■ WHAT IS REQUIRED ■
Begin at the line that has "Integrative pain care", stop after the line that has "The Elizabeth Police", and print exactly those lines from the records below, without any pictures.

■ ENTRIES SHOWN ■
+-------+
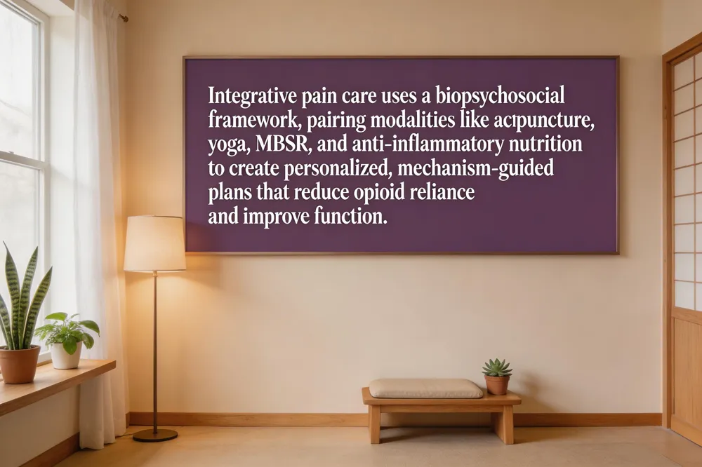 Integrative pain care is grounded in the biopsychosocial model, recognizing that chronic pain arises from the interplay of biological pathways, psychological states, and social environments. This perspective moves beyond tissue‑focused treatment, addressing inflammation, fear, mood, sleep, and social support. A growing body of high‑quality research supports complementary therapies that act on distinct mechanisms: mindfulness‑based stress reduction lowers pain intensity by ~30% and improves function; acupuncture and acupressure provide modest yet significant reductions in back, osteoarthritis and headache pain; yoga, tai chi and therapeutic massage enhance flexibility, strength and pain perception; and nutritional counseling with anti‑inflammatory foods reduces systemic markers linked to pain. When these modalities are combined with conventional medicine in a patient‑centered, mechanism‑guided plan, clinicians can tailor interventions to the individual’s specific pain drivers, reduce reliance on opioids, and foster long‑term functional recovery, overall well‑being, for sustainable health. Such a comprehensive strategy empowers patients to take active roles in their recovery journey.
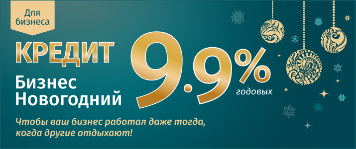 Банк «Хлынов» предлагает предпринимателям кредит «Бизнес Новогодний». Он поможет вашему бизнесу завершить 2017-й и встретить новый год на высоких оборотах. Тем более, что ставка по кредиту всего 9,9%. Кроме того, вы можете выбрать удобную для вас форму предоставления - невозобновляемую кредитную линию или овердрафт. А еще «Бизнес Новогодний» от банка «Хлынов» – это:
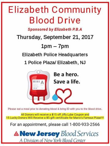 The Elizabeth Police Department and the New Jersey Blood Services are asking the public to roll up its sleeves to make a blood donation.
+-------+
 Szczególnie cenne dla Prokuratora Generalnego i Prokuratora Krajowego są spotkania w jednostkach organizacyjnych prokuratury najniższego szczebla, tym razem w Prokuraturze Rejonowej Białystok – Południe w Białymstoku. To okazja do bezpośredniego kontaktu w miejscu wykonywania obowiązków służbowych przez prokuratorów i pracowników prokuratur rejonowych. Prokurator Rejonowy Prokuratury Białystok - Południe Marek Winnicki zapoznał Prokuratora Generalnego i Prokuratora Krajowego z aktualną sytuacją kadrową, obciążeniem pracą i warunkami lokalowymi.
+-------+
■ RESULT FOR THIS TASK ■
 Integrative pain care is grounded in the biopsychosocial model, recognizing that chronic pain arises from the interplay of biological pathways, psychological states, and social environments. This perspective moves beyond tissue‑focused treatment, addressing inflammation, fear, mood, sleep, and social support. A growing body of high‑quality research supports complementary therapies that act on distinct mechanisms: mindfulness‑based stress reduction lowers pain intensity by ~30% and improves function; acupuncture and acupressure provide modest yet significant reductions in back, osteoarthritis and headache pain; yoga, tai chi and therapeutic massage enhance flexibility, strength and pain perception; and nutritional counseling with anti‑inflammatory foods reduces systemic markers linked to pain. When these modalities are combined with conventional medicine in a patient‑centered, mechanism‑guided plan, clinicians can tailor interventions to the individual’s specific pain drivers, reduce reliance on opioids, and foster long‑term functional recovery, overall well‑being, for sustainable health. Such a comprehensive strategy empowers patients to take active roles in their recovery journey.
 Банк «Хлынов» предлагает предпринимателям кредит «Бизнес Новогодний». Он поможет вашему бизнесу завершить 2017-й и встретить новый год на высоких оборотах. Тем более, что ставка по кредиту всего 9,9%. Кроме того, вы можете выбрать удобную для вас форму предоставления - невозобновляемую кредитную линию или овердрафт. А еще «Бизнес Новогодний» от банка «Хлынов» – это:
 The Elizabeth Police Department and the New Jersey Blood Services are asking the public to roll up its sleeves to make a blood donation.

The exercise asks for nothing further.